- **Task to carry out**:
An exact copy of the records below is required, and it must contain no pictures.

- **Exercise data**:
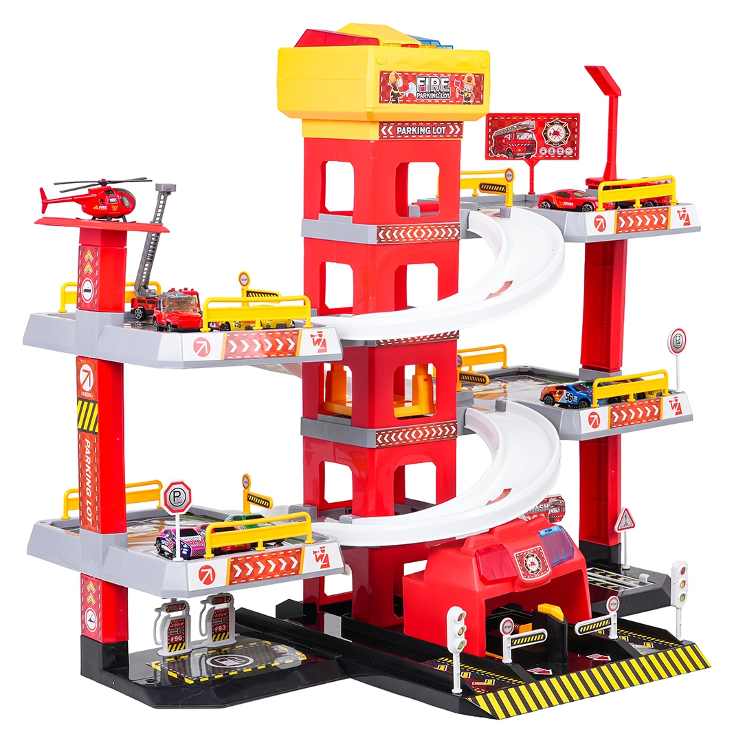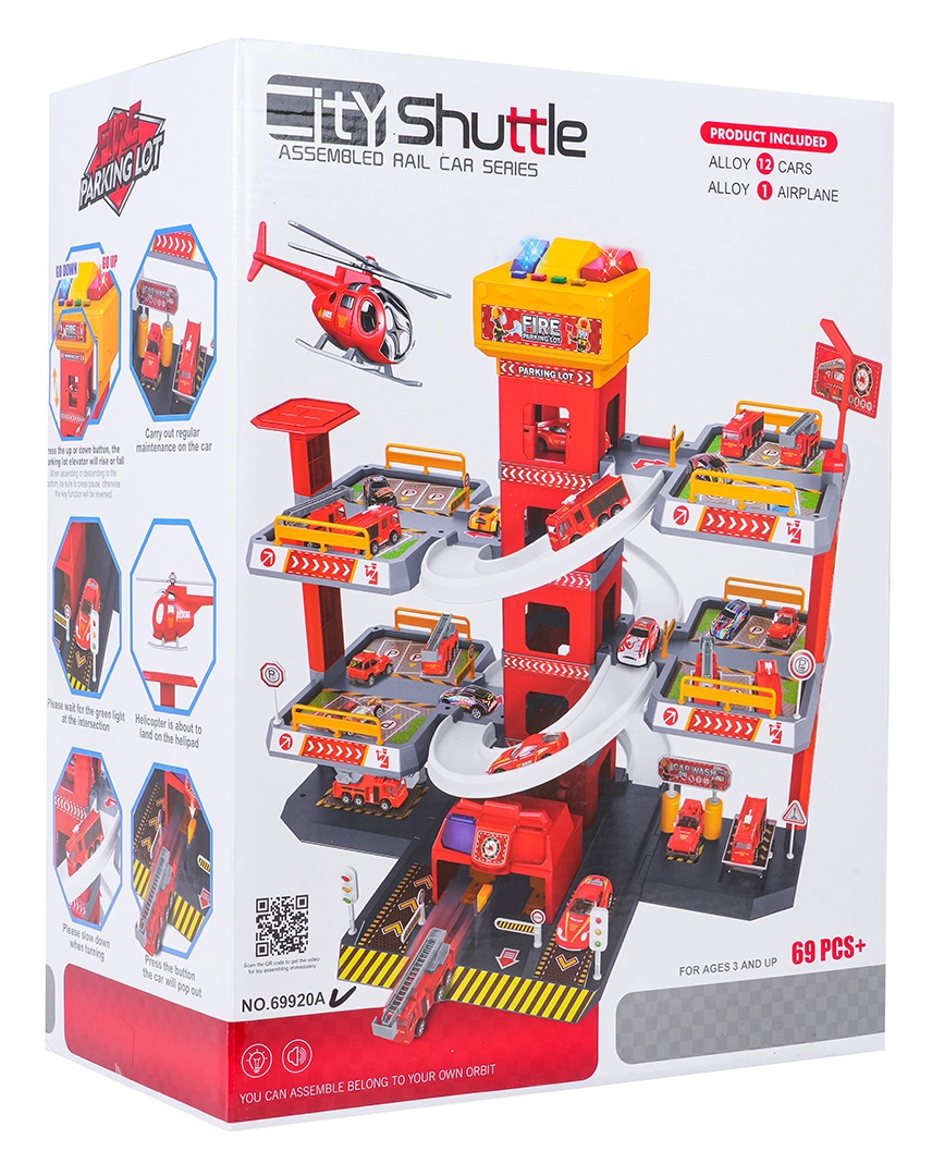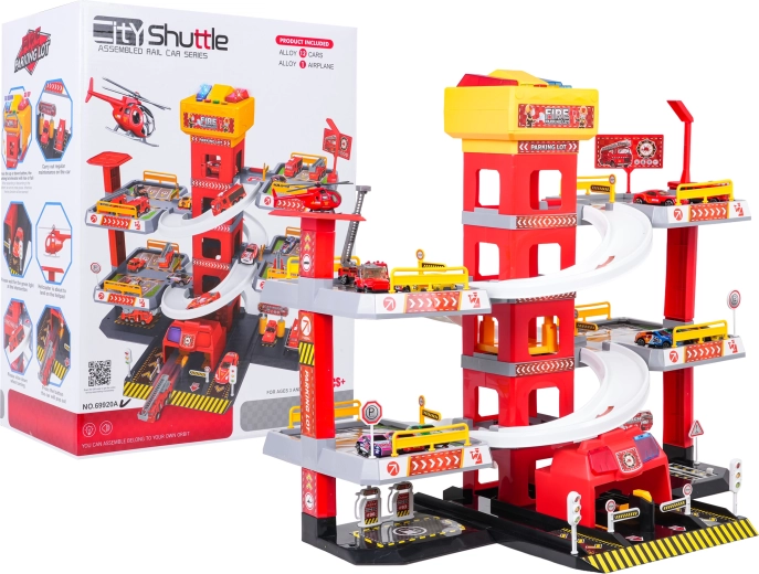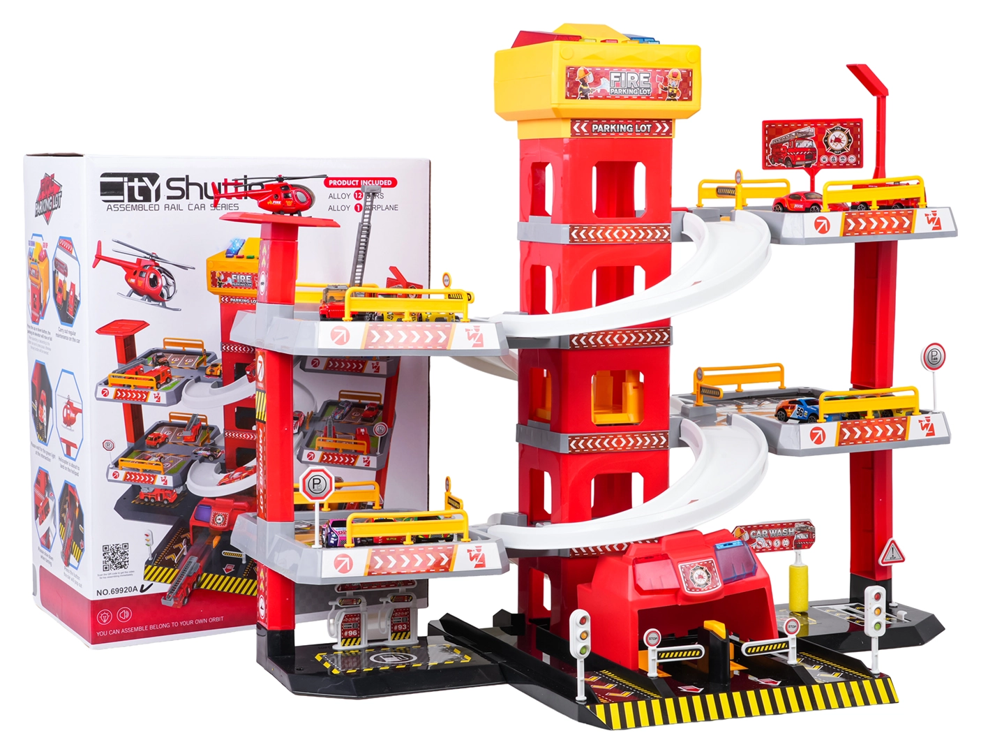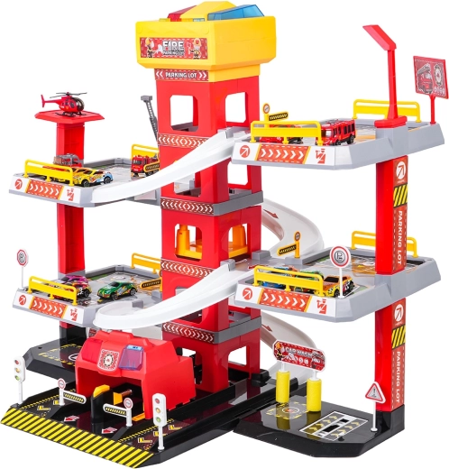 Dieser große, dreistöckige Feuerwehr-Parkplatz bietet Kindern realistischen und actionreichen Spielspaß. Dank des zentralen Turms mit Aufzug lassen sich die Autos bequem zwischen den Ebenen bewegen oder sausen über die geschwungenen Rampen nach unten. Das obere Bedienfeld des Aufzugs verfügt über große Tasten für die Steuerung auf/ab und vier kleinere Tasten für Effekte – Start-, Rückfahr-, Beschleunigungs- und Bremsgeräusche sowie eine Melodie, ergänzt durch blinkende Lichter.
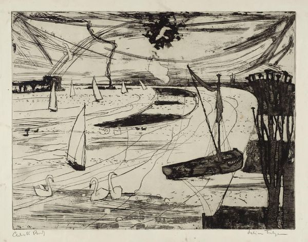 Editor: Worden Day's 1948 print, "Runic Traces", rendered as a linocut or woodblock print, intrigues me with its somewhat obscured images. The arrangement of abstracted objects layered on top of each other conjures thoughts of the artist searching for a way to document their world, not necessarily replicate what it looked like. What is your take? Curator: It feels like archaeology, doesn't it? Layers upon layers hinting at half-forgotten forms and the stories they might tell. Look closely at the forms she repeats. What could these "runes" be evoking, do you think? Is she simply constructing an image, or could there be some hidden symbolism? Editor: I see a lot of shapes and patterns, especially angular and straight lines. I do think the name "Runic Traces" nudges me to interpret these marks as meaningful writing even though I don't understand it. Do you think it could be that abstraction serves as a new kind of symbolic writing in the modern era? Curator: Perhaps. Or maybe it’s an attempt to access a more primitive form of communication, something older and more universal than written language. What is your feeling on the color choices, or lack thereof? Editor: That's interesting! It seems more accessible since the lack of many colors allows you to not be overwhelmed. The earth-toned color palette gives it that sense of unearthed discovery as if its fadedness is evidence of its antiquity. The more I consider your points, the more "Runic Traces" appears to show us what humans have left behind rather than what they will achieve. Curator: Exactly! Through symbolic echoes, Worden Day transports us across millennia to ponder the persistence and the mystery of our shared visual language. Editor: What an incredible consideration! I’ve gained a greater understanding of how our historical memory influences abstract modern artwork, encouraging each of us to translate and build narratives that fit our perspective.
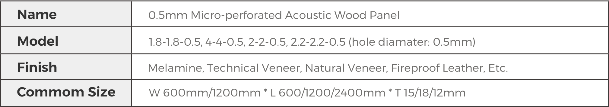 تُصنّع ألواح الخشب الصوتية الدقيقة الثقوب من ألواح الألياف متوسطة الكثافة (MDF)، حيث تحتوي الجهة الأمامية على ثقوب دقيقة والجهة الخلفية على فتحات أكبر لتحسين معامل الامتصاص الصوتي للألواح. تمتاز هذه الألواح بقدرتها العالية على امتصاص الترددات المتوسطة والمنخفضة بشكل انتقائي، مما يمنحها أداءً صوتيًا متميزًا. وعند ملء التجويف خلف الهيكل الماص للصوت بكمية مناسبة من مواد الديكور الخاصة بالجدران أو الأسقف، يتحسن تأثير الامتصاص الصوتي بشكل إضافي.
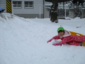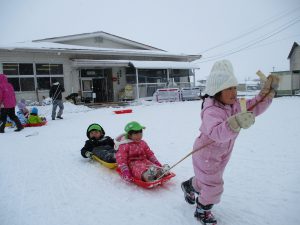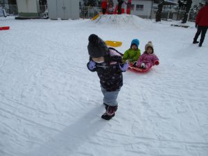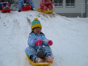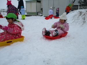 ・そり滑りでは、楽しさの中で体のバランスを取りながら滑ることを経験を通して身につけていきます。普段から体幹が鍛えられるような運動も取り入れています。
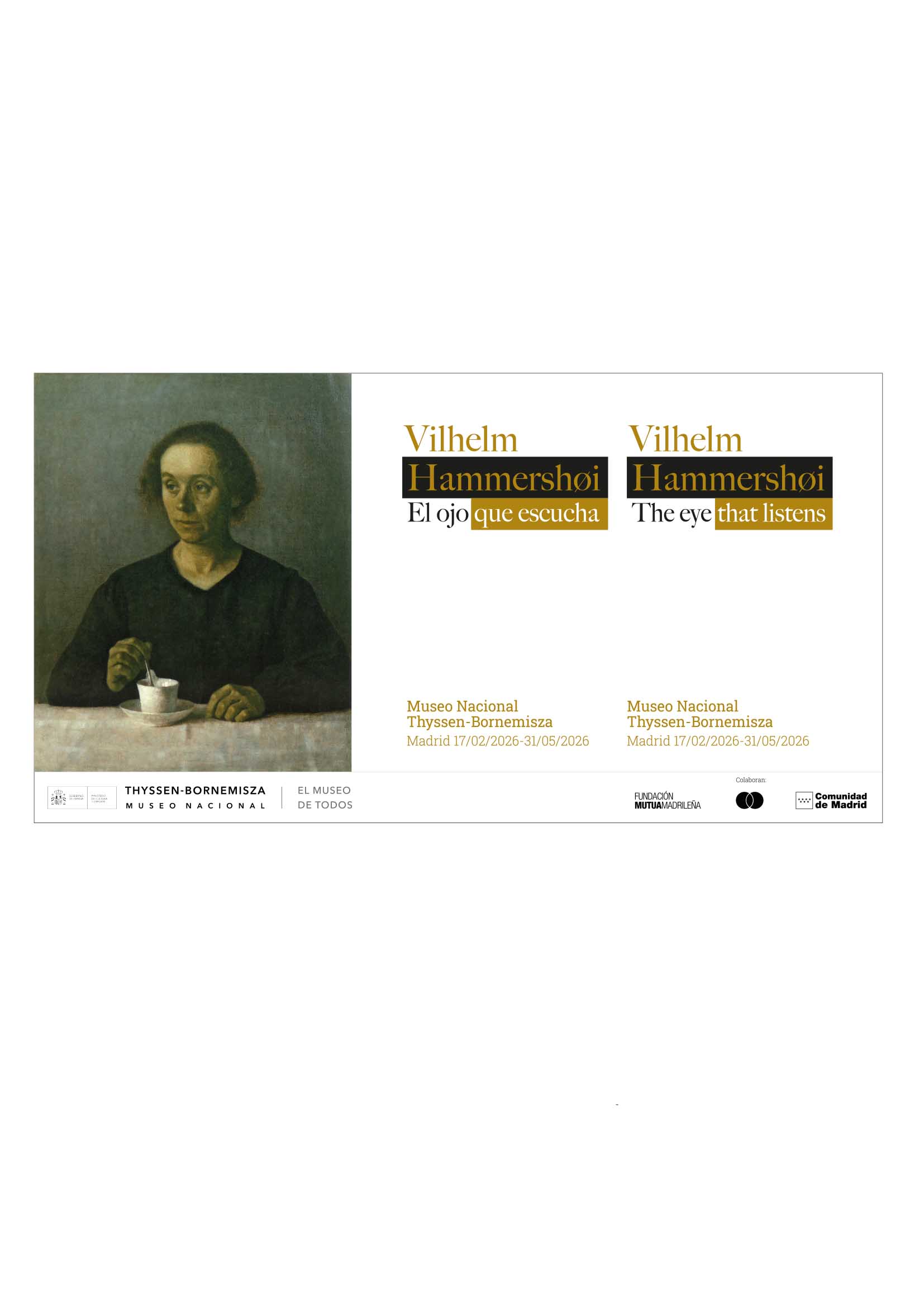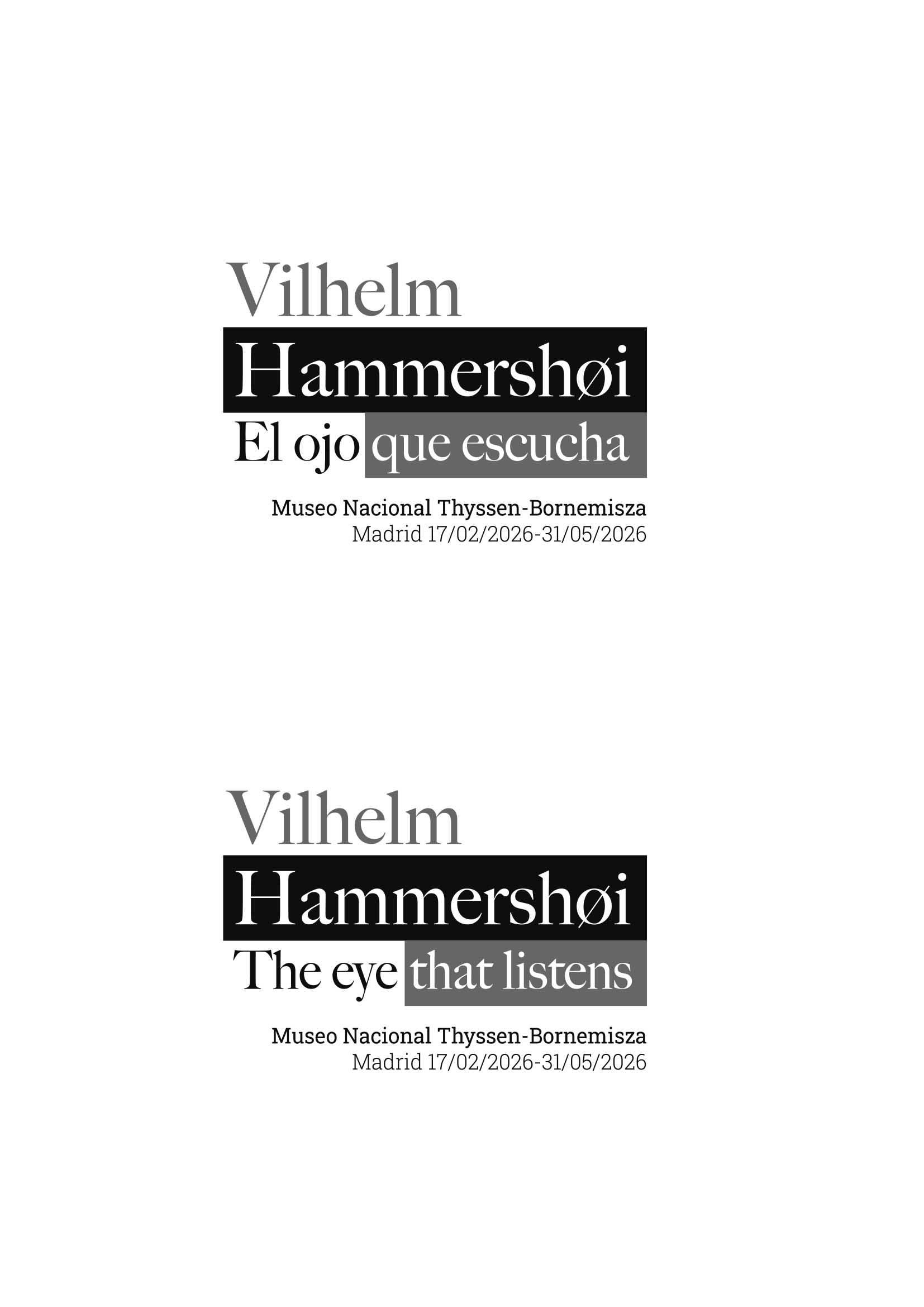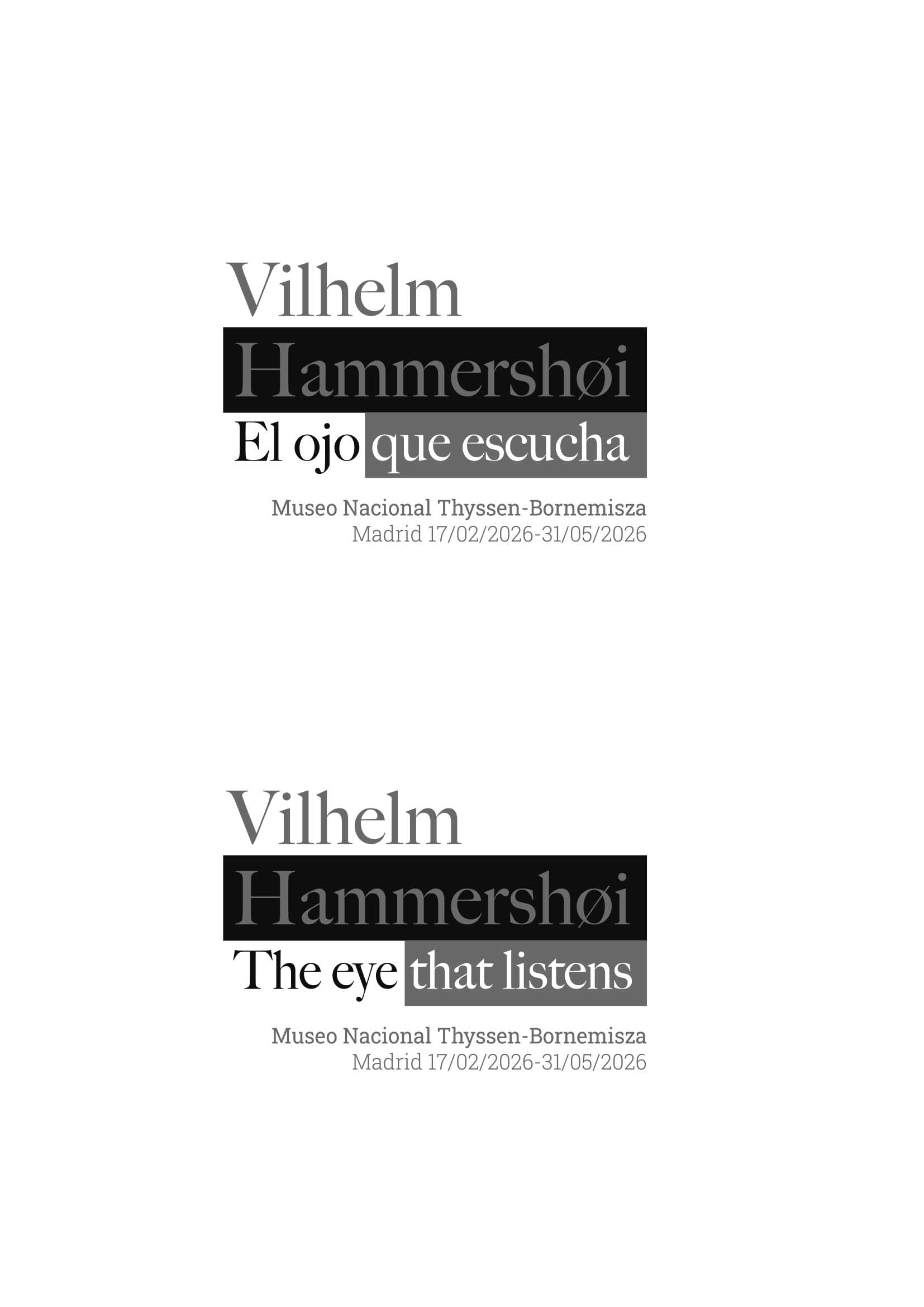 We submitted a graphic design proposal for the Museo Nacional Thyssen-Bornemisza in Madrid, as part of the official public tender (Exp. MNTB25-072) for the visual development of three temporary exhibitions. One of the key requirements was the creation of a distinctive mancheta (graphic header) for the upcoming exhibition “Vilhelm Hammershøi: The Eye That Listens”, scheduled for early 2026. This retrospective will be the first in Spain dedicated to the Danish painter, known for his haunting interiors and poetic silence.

- **Response to this exercise**:
 Dieser große, dreistöckige Feuerwehr-Parkplatz bietet Kindern realistischen und actionreichen Spielspaß. Dank des zentralen Turms mit Aufzug lassen sich die Autos bequem zwischen den Ebenen bewegen oder sausen über die geschwungenen Rampen nach unten. Das obere Bedienfeld des Aufzugs verfügt über große Tasten für die Steuerung auf/ab und vier kleinere Tasten für Effekte – Start-, Rückfahr-, Beschleunigungs- und Bremsgeräusche sowie eine Melodie, ergänzt durch blinkende Lichter.
 Editor: Worden Day's 1948 print, "Runic Traces", rendered as a linocut or woodblock print, intrigues me with its somewhat obscured images. The arrangement of abstracted objects layered on top of each other conjures thoughts of the artist searching for a way to document their world, not necessarily replicate what it looked like. What is your take? Curator: It feels like archaeology, doesn't it? Layers upon layers hinting at half-forgotten forms and the stories they might tell. Look closely at the forms she repeats. What could these "runes" be evoking, do you think? Is she simply constructing an image, or could there be some hidden symbolism? Editor: I see a lot of shapes and patterns, especially angular and straight lines. I do think the name "Runic Traces" nudges me to interpret these marks as meaningful writing even though I don't understand it. Do you think it could be that abstraction serves as a new kind of symbolic writing in the modern era? Curator: Perhaps. Or maybe it’s an attempt to access a more primitive form of communication, something older and more universal than written language. What is your feeling on the color choices, or lack thereof? Editor: That's interesting! It seems more accessible since the lack of many colors allows you to not be overwhelmed. The earth-toned color palette gives it that sense of unearthed discovery as if its fadedness is evidence of its antiquity. The more I consider your points, the more "Runic Traces" appears to show us what humans have left behind rather than what they will achieve. Curator: Exactly! Through symbolic echoes, Worden Day transports us across millennia to ponder the persistence and the mystery of our shared visual language. Editor: What an incredible consideration! I’ve gained a greater understanding of how our historical memory influences abstract modern artwork, encouraging each of us to translate and build narratives that fit our perspective.
 تُصنّع ألواح الخشب الصوتية الدقيقة الثقوب من ألواح الألياف متوسطة الكثافة (MDF)، حيث تحتوي الجهة الأمامية على ثقوب دقيقة والجهة الخلفية على فتحات أكبر لتحسين معامل الامتصاص الصوتي للألواح. تمتاز هذه الألواح بقدرتها العالية على امتصاص الترددات المتوسطة والمنخفضة بشكل انتقائي، مما يمنحها أداءً صوتيًا متميزًا. وعند ملء التجويف خلف الهيكل الماص للصوت بكمية مناسبة من مواد الديكور الخاصة بالجدران أو الأسقف، يتحسن تأثير الامتصاص الصوتي بشكل إضافي.
 ・そり滑りでは、楽しさの中で体のバランスを取りながら滑ることを経験を通して身につけていきます。普段から体幹が鍛えられるような運動も取り入れています。
 We submitted a graphic design proposal for the Museo Nacional Thyssen-Bornemisza in Madrid, as part of the official public tender (Exp. MNTB25-072) for the visual development of three temporary exhibitions. One of the key requirements was the creation of a distinctive mancheta (graphic header) for the upcoming exhibition “Vilhelm Hammershøi: The Eye That Listens”, scheduled for early 2026. This retrospective will be the first in Spain dedicated to the Danish painter, known for his haunting interiors and poetic silence.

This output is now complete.